Now that the shops have gone into overdrive selling us overpriced things we really don't need in time for Christmas, the Musty Muse is calling me again, sending me into the local charity shops to look for the very finest vinyl they have to offer. Simple rules, as always: a budget of £10, and a self-imposed time limit of ten days. Here goes....

Album: Rolling Stones – Aftermath (1966)

Shop: Mind
Cost: £2

Although this was the Rolling Stones fourth album, it was the first where all the tracks were penned by Mick Jagger and Keith Richards, with none of the R&B cover versions that filled out their earlier releases (in sharp contrast, their first album could boast only one original composition). Reflecting the Stones' growing confidence (and, no doubt, cockiness) Brian Jones grabs and plays every instrument he can get his hands on; guitar, keyboards, sitar, harmonica, the marimbas, an Appalachian dulcimer (very Deliverance), even something called a “koto”.

The Rolling Stones are a national treasure, true, though it's not a stretch to say the best is behind them. But I'll tell you one thing, listening to an original 1966 pressing of this album - in primitive stereo sound, no 24-bit remastering or any of that new-fangled nonsense - hearing it the way someone listening forty-five years ago would have heard it, you get a shiver down the spine, and that's something you don't get with a 79p Amazon download.
£2 for music you can feel, is more than worth it. In fact, it's worth the £2 just to have the photos on the back cover confirm that Charlie Watts never was one of life's most convincing smilers.

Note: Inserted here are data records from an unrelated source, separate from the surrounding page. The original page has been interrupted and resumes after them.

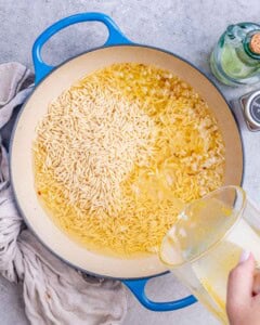 - Stir the orzo often as it cooks so that it doesn’t stick to the bottom of the pan.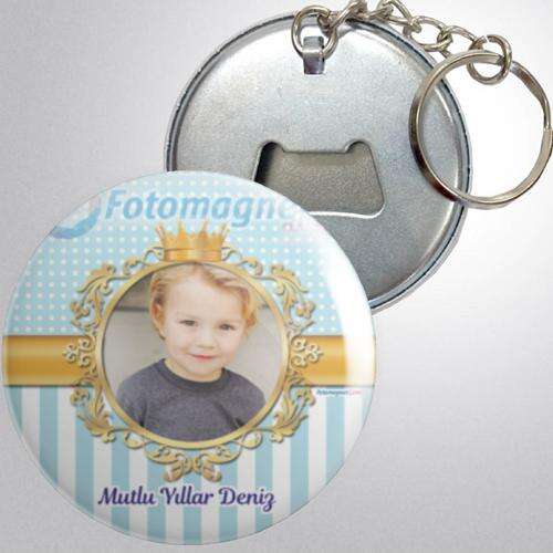 Gold Ve Mavi Prens Temalı - Fotoğraflı - Metal - Açacak - Anahtarlık
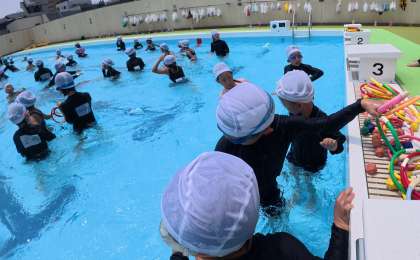 1年は、生活科の水あそびに引き続いて、プール学習です。元気いっぱいの子どもたち。宝さがしも楽しかったです。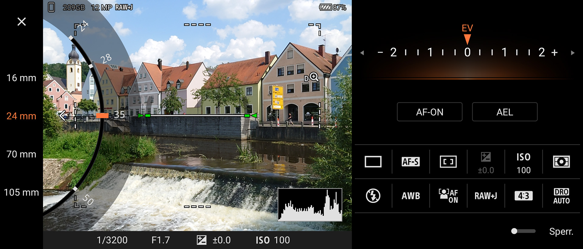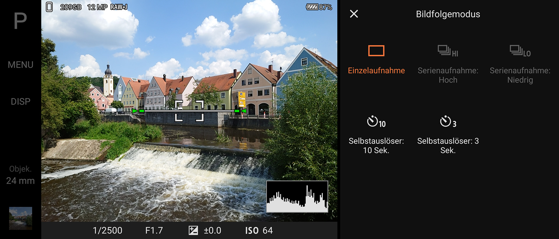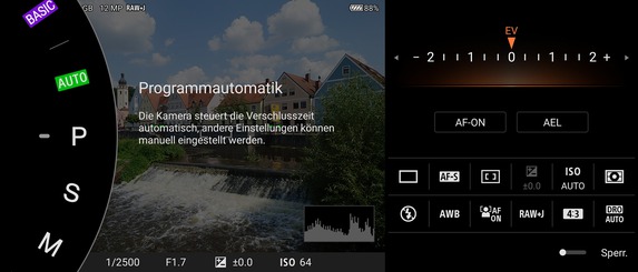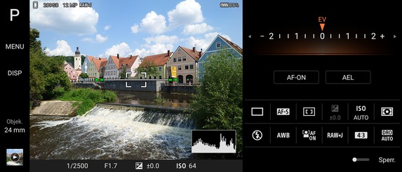 Einstellen lassen sich in der Photo-Pro-App unter anderem der Fokusmodus, die Fokusfeldoptionen, die Belichtungskorrektur oder auch der ISO-Wert. Des Weiteren sind Fotos in JPEG, RAW oder in beiden Formaten gleichzeitig möglich und lässt sich die Bildoptimierung beeinflussen. Kurz gesagt: Hier fehlt es auch ambitionierten Fotografen an nichts.

Album: Various – Phillybusters: The Sound of Philadelphia (1974)

Shop: Salvation Army
Cost: £1

“If You Don't Know Me By Now” by Harold Melvin & The Blue Notes? “Me & Mrs Jones” by Billy Paul? The O'Jays chiming in with “Love Train” and “Backstabbers”? MFSB's cover of “Family Affair”, plus another half a dozen of the finest sounds of Philadelphia soul? In great nick, for a quid? I may prefer Tamla Motown, but fucking fuhgeddaboudit, this gets bought: and yes, I'll have a plastic bag to put it in, please thank you.

Album: Serge Chaloff – Blue Serge (1956)

Shop: “Charity Shop” (I'll have to ask which charity at some point)
Cost: £1

I have to admit that, to me, jazz music is a complete fucking mystery. Not to say I don't enjoy it - it's found its place in my record collection, and I seem to be getting more out of it than I did five or so years ago, when I first dabbled in a bit of Miles Davis. What I don't possess is the almost encyclopedic knowledge that seems to almost be an obligatory part of jazz appreciation. If I were to come across a random jazz album in a box of charity shop vinyl, I wouldn't be able to instantly access my mental database and tell if I was holding a slab of pure gold or a piece of annoying, up-itself shite. Luckily, this album's liner notes have a couple of clues to nudge me in the direction of spending a pound to find out. The album's a mid-80s reissue of the 1956 original, and the notes candidly disclose saxophonist Serge Chaloff's reputation as a “chaotic personality”, mainly thanks to his addiction to heroin. There's also an anecdote which ends with band leader Woody Herman - desperately trying to ditch a strung-out and combative Chaloff in a crowded bar - pissing on his leg to make sure he got the message.

I haven't listened to the album yet, but that's because I'm listening to....

My wife likes to think of When Harry Met Sally as "Our Film". Who am I to tell her that I don't really entertain the idea of an "Our Film"?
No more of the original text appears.